Phone on your face

Elysha was on the phone, talking to a storyteller when Charlie called from upstairs. We had put him to bed moments before, but he apparently needed something, so Elysha handed me the phone and asked to finish explaining our rehearsal process with the storyteller while she check on the boy.

I took her phone, placed it to my ear, and suddenly felt uncomfortable and stupid.

"This is so weird," I told the storyteller. "I'm pressing a phone against the side of my face. I can't believe that people still do this."

For years, I have been either:

  1. Avoiding phone calls altogether.
  2. Putting phone calls on speaker.
  3. Conversing via FaceTime or Skype. 
  4. Most often, speaking to people on the phone via my bluetooth headphones.

Pressing a phone against the side of your face is weird. Perhaps in the days when phones were mounted to walls and were longer and more contoured for the face, this didn't feel so odd and limiting, but holding a small rectangle between your ear and mouth is bizarre. 

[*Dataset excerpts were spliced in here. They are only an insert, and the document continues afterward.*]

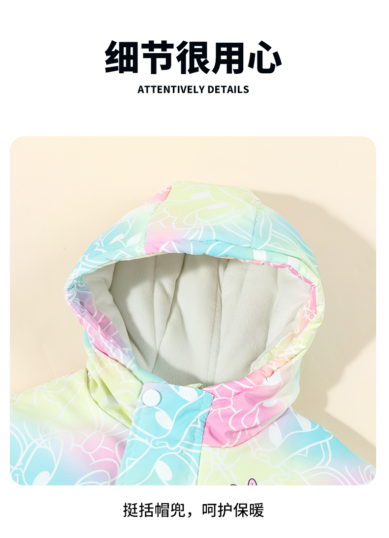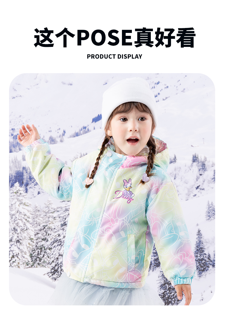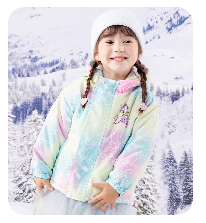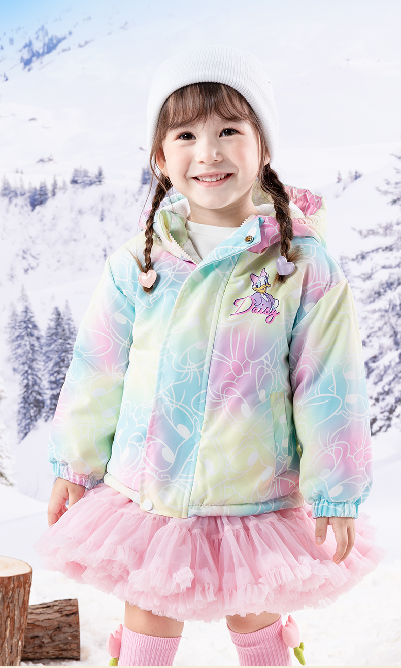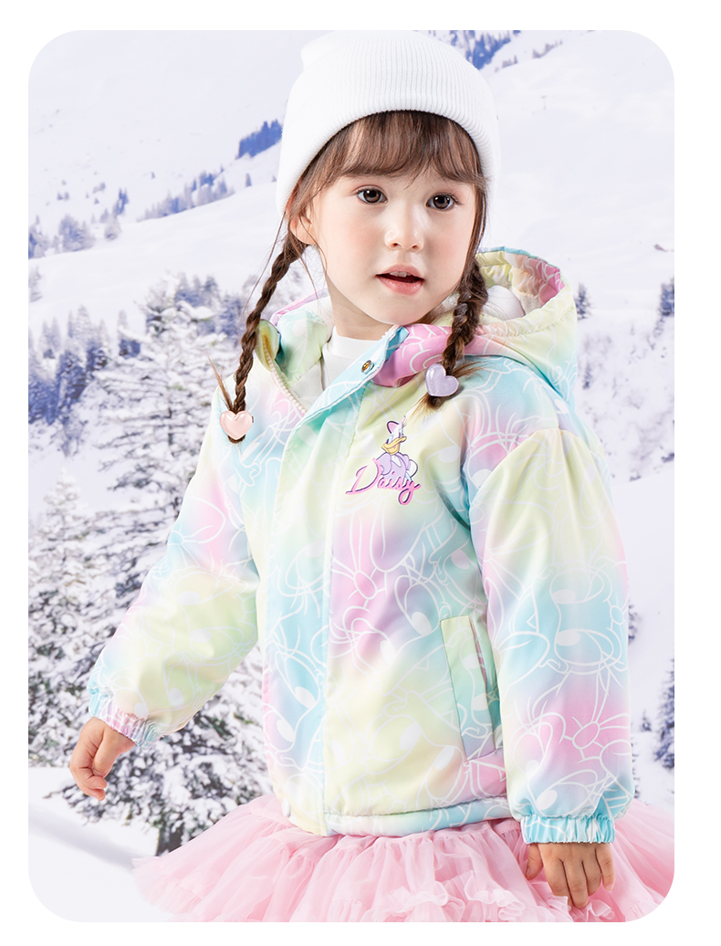 迪士尼童装女童黛丝可爱洋气棉服2024冬季新款夹棉保暖连帽外套ZD4DS013
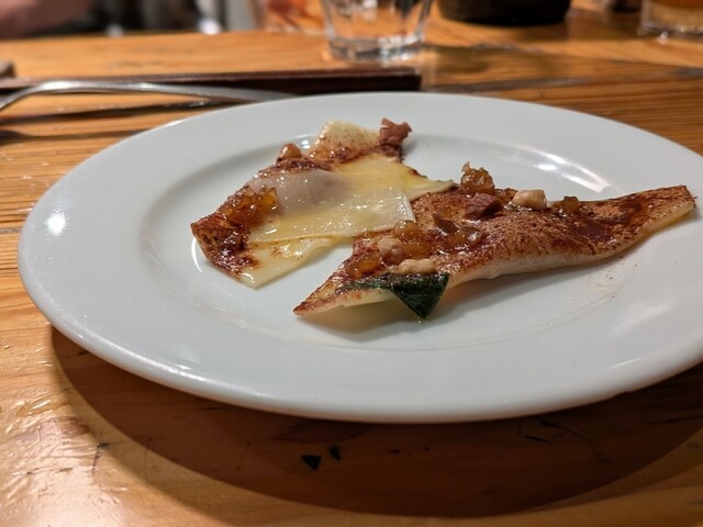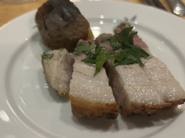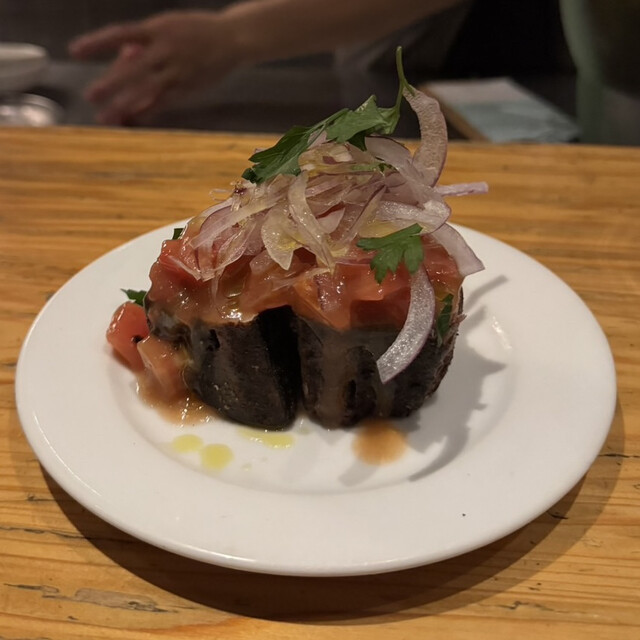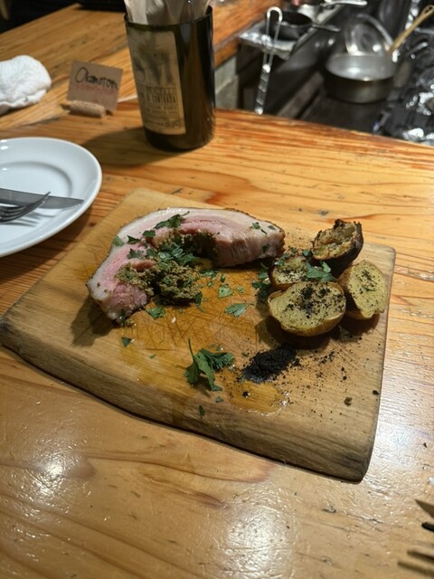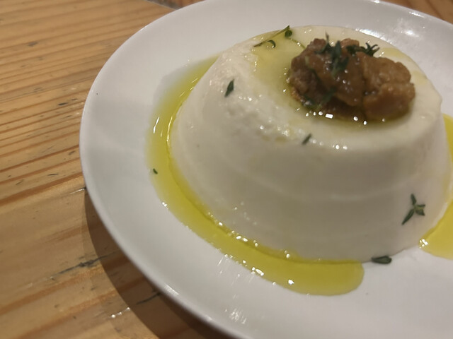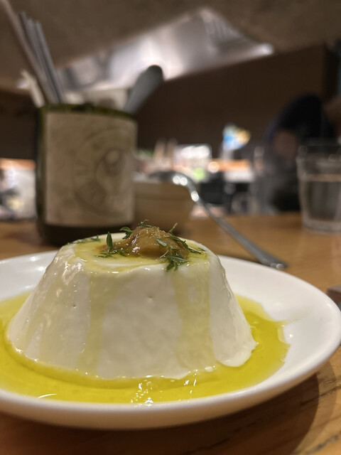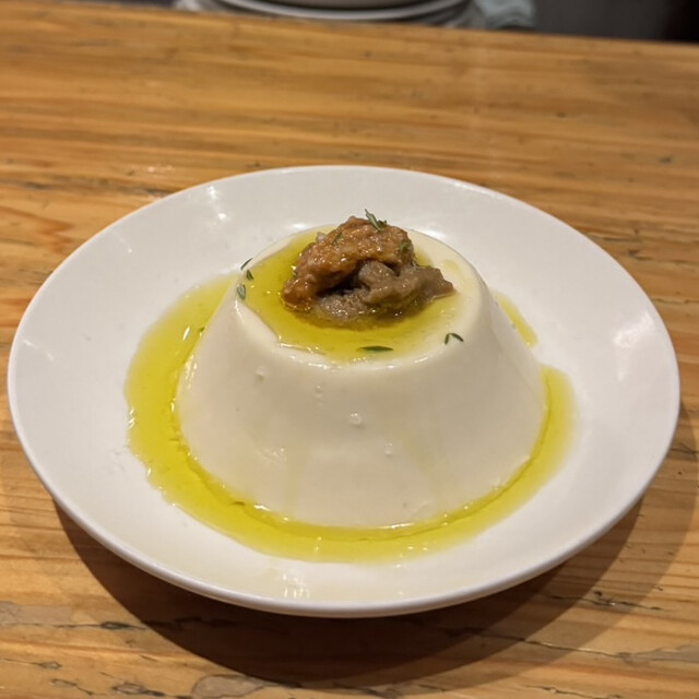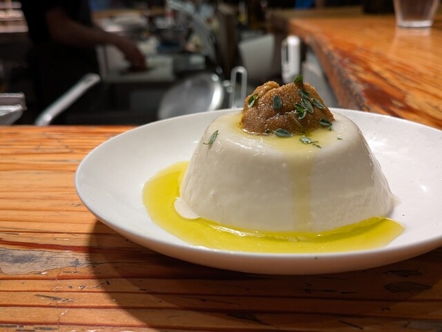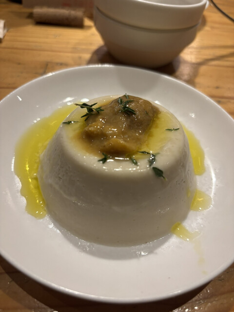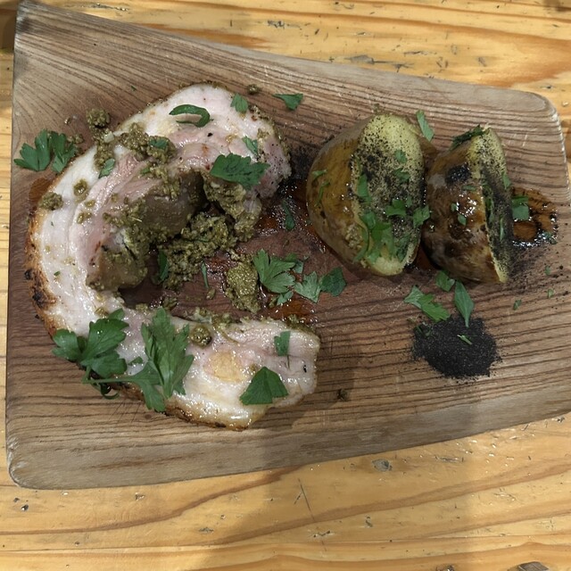 アラカルトオーダーで、雲丹乗せとうもろこしの冷奴、名物のポルケッタ、ジェノベーゼ、その他。
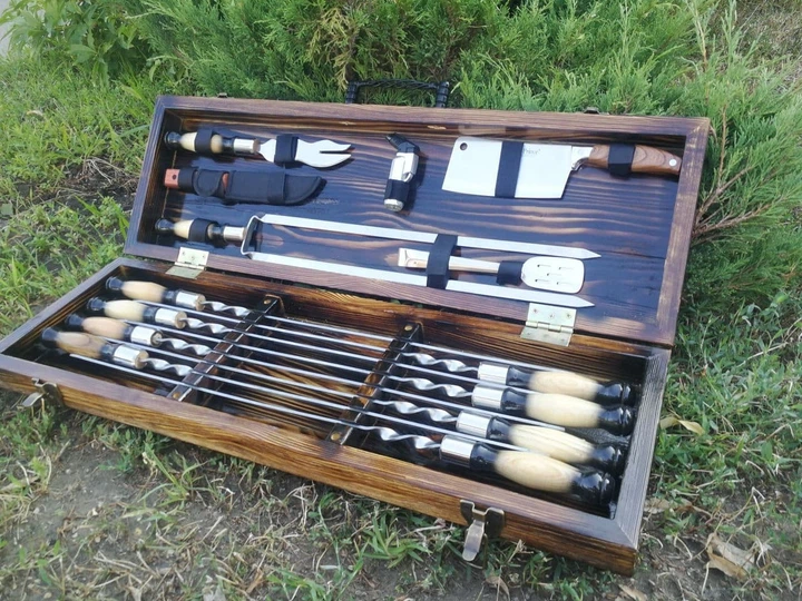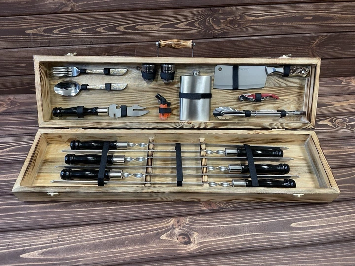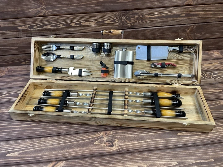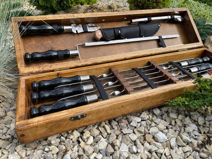 Набір із 6 шампурів для м'яса (600х10х3 мм) + комплект аксесуарів у дерев'яному кейсі Ш32
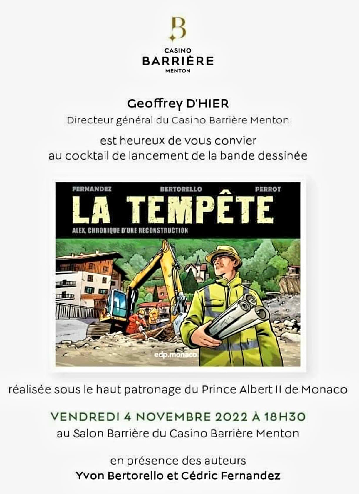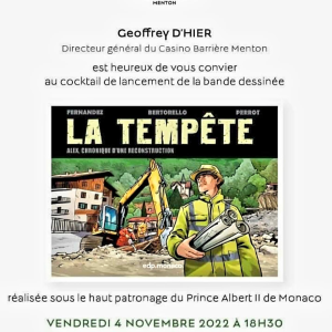 Fréquence Méditerranée, partenaire de l'évènement, Lancement du Tom 2 " Chronique d'une Reconstruction " de la BD " Tempête Alex ", au Casino Barrière de Menton.
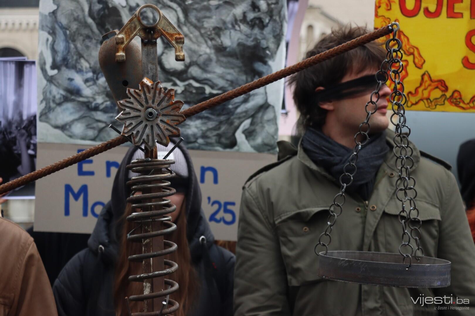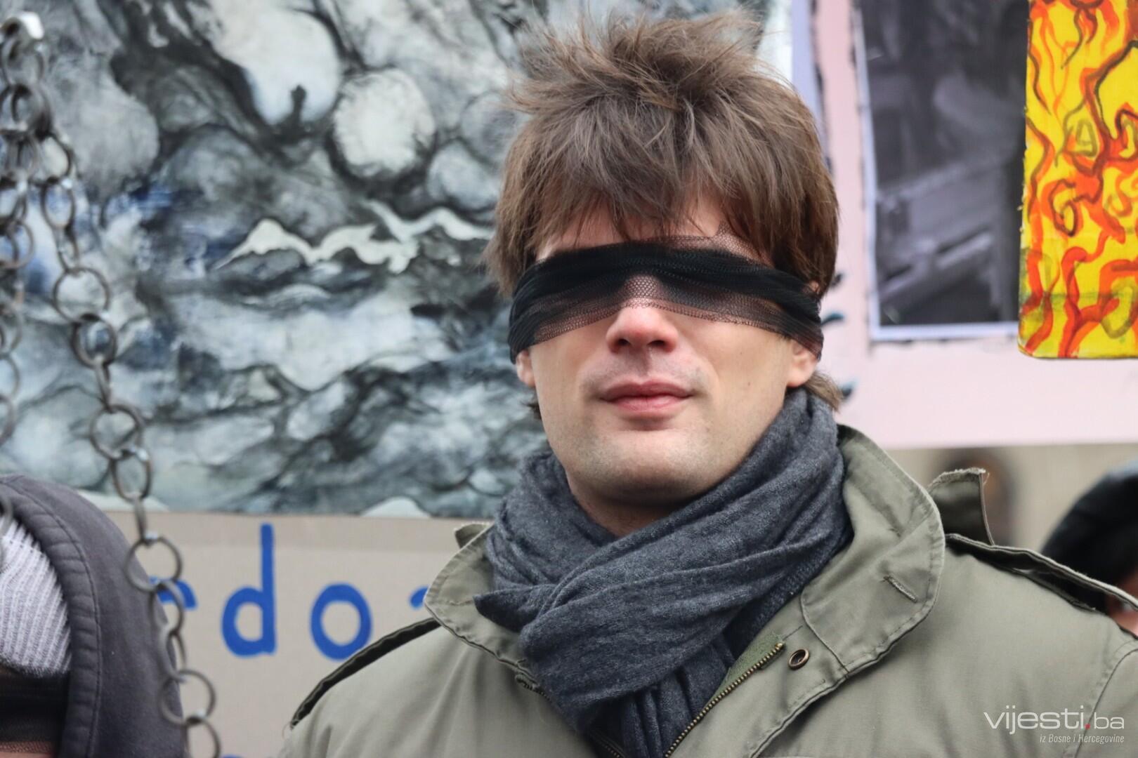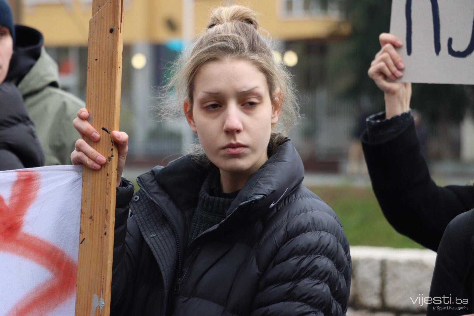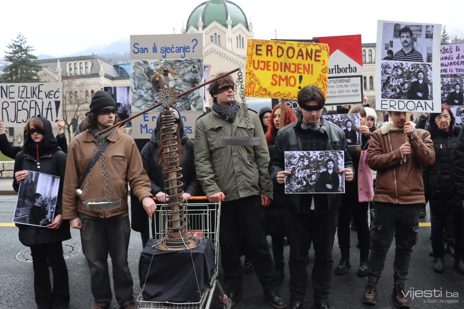 Kolege tragično stradalog Erdoana (23) pojavili su se pred Akademijom sa crnim povezima oko očiju i mnogim porukama na kojima, između ostaloga, piše:
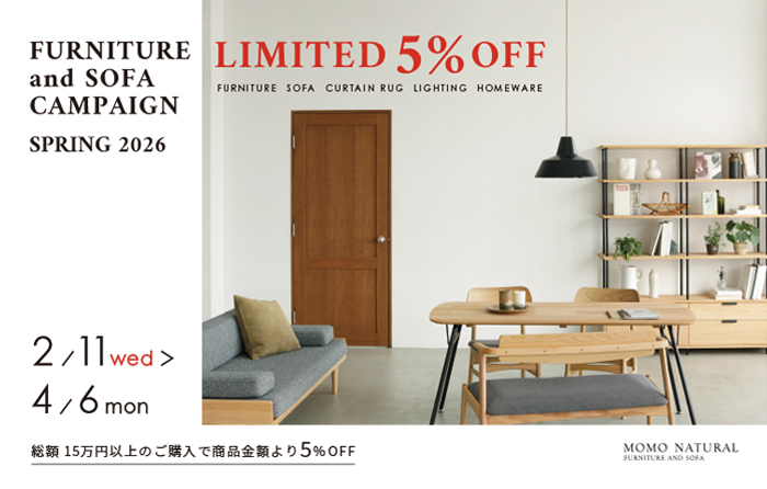 モモ ナチュラルでは2026年2月11日(水)より春のフェア”FURNITURE & SOFA CAMPAIGN – 5%OFF LIMITED DATE 2026 spring – “を開催いたします。
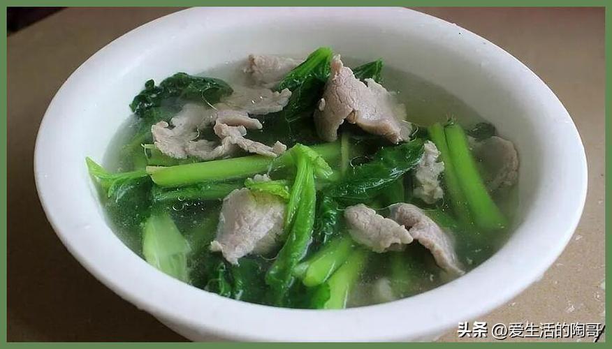 5依次放進肉片,讓其煮漂起來,加入薺菜段,煮沸即可
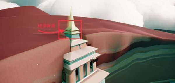 3、然后玩家接着飞往神庙塔顶后面的位置处,即下图红色方框圈住的地方。
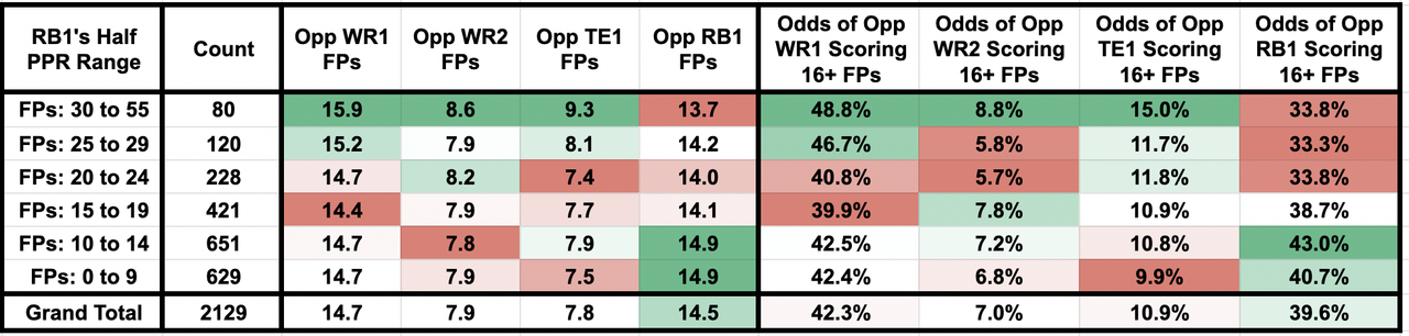 Correlation: RB1 to opposing WR1 (+0.07), to opposing WR2 (+0.03), to opposing TE1 (+0.08), and to opposing RB1 (+0.01) if we split the sample to RB1s with more than 15.0 half PPR points (aka ceiling games only).
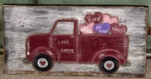 *~*PRIMITIVE*~* HP FOLK ART VALENTINE RED TRUCK *~* HEARTS *~* RECLAIMED WOOD
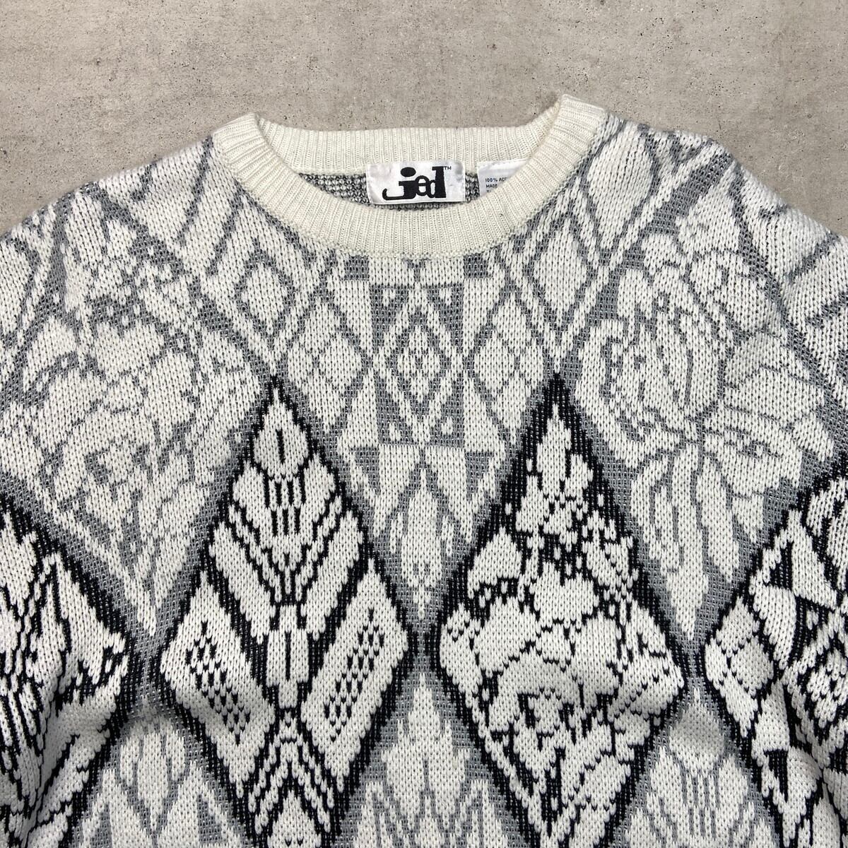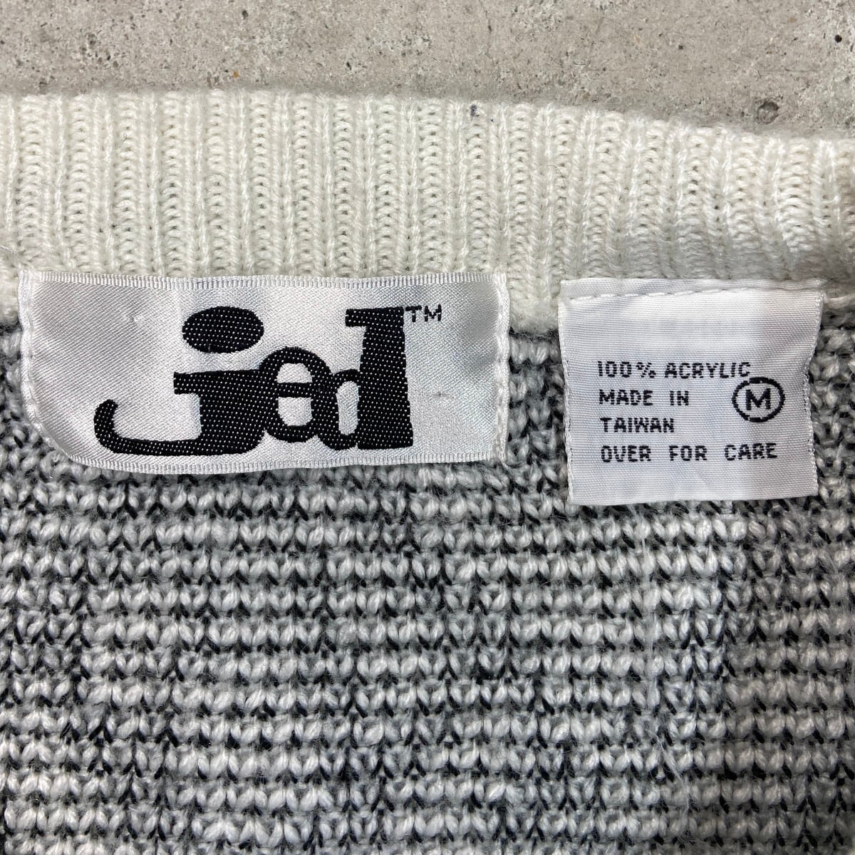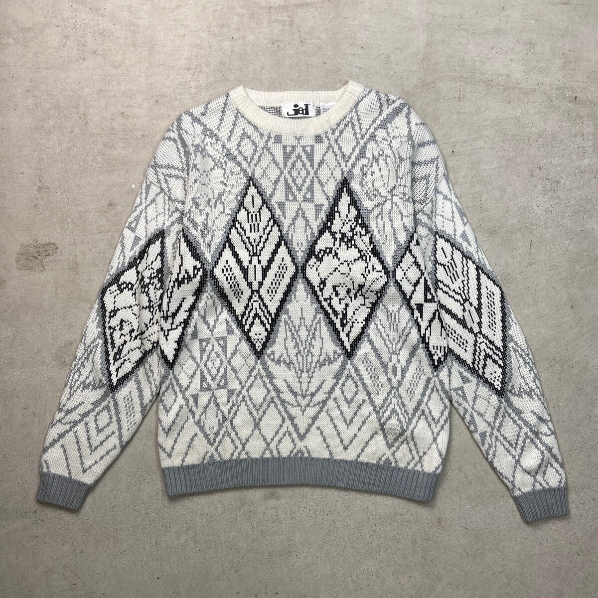 ■古着 Jed 総柄 アクリルニットセーター メンズM 90年代 90s VINTAGE ヴィンテージ USED 幾何学模様 ブラック ホワイト グレー【ニットセーター】/マルチカラー
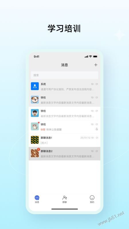 群聊互動消息及時通知提醒,便于能及時在應用中查看,并能立即在線回復;
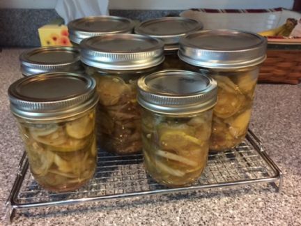 Yesterday I put up my annual Bread and Butter pickles using my Mom's recipe. Our daughter's family garden exploded with cakes last week so it was time to get busy! I make these every year and they have become a favorite of my girls as well as my one brother and sister. Mom's tradition continues to live on!!

I understand that I feel this way because I stopped doing it this way a long time ago, but nonetheless I'm here to tell you it's still weird and uncomfortable. 

Objectively so. It's just an odd way for two humans to communicate. 

Also, by using my headphones, I always have two hands free when talking on the phone. If I'm on a phone call that I expect to take a while (longer than a minute), I'm always doing something else: folding clothes, pulling weeds from the cracks of the driveway, picking up toys, cleaning out the refrigerator, or some other mindless, necessary chore. 

I can't imagine losing the use of a hand in order to press glass to your cheek.

Happily, Elysha quickly returned and we placed the storyteller on speaker in order to listen to her story.

Crisis averted.  

Well, maybe not a crisis, except when I think about all those millions of people in the world, pressing rectangles to their faces everyday when so many better options are available to them.